Of course, in practice, you'd typically template it, so the function can be called with any functor type:

template <typename F>
void F(const F& ft) {
  ...
  ft();
  ...
}

回答13:

Sorry I don't have any references for you, but I do have another anecdote to add to the pile.

I had a rather large std::map that I was generating using Microsoft's CString object as the key. Performance was unacceptable. Since all of my strings were identical in length, I created a class wrapper around an old-fashioned fixed-size array of chars, to emulate the interface of CString. Unfortunately I can't remember the exact speedup, but it was significant, and the resulting performance was more than adequate.

Sometimes you need to know a little about the library constructs you rely upon.

回答14:

Template Meta-Programming can be used to move from dynamic polymorphism to compile time polymorphism, producing insanely optimal code in the process. Alexandrescu's Modern C++ Design is a good book which covers TMP in depth. Not every page is about optimization, but it is an oft recurring consideration in the program designs.

回答15:

Contrary to what many people have said, there are many language specific optimizations you can do. This is an excellent resource on Wikibooks. Keep this in mind when designing your code, then profile, profile, profile.

回答16:

The best optimization one can get is by revisiting the design, and after profiling the performance relevant parts/algorithms of the application. This is usually not language specific.

What I mean is (just as an idea) if you would get 30% performance improvement by selecting a slightly better algorithm (or collection/container class) the improvement you can expect from a C++ related refactoring would be at most 2%. A design improvement could give you anything above 30%.

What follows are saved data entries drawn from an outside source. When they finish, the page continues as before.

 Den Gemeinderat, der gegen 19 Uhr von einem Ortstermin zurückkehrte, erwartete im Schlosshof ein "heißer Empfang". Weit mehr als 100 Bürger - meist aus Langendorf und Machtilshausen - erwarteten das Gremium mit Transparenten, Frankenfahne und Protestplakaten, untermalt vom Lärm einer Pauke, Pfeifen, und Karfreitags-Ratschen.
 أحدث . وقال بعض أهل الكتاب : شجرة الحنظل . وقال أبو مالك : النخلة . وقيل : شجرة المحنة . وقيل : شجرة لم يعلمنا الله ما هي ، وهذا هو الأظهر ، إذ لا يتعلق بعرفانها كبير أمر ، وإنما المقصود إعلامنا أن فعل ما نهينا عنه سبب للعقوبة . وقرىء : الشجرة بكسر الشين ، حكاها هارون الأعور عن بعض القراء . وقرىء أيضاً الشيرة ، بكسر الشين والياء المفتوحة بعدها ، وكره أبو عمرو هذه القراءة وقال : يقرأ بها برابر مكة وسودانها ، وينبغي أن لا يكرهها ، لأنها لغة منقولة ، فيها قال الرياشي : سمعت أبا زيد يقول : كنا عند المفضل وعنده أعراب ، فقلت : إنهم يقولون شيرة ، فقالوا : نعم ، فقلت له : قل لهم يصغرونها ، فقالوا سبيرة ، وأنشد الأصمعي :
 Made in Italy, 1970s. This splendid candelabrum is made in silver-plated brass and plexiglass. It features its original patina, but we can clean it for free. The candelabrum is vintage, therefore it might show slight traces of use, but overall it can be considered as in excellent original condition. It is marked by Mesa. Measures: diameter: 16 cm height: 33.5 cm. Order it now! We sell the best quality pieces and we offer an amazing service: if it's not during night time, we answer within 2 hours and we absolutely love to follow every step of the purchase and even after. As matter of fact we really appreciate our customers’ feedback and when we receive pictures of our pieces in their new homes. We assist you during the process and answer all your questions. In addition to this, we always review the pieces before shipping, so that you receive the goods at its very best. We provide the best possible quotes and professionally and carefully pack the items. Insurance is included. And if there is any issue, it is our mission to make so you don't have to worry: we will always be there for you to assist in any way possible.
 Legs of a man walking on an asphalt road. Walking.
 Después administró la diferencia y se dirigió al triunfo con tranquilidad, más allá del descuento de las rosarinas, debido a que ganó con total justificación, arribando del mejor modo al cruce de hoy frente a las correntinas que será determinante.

If you have a concrete application, the best strategy is to measure and profile the application. Profiling gives usually the most instant idea of which parts are performance relevant.

回答17:

Here are a couple catch all paths for optimization.

There is no one way for optimization problems... they are always hand tuned to the hardware/software/system-considerations.

Assuming you have the best algorithm:

compile with "show assembly output" and "highest optimization"
look at the assembly output
identify inefficiencies that ruin compiler optimization or bad caching
Re-code the snippet
if it is still bad loop back to 2.
done

Example seen here: What is the fastest way to swap values in C?

General tips:

http://www.ceet.niu.edu/faculty/kuo/exp/exp6/figuree6-1.jpg:

Try it in floating point first
Try it in fixed point second
If you are really disparate and have lots of time and money, try it in assembly

http://www.asc.edu/seminars/optimization/fig1.gif:

Check if it is memory OR I/O OR CPU bound
Attack which ever is the limiting factor

回答18:

There are many things you can do to optimize C++ code. Some of the broader suggestions are listed above.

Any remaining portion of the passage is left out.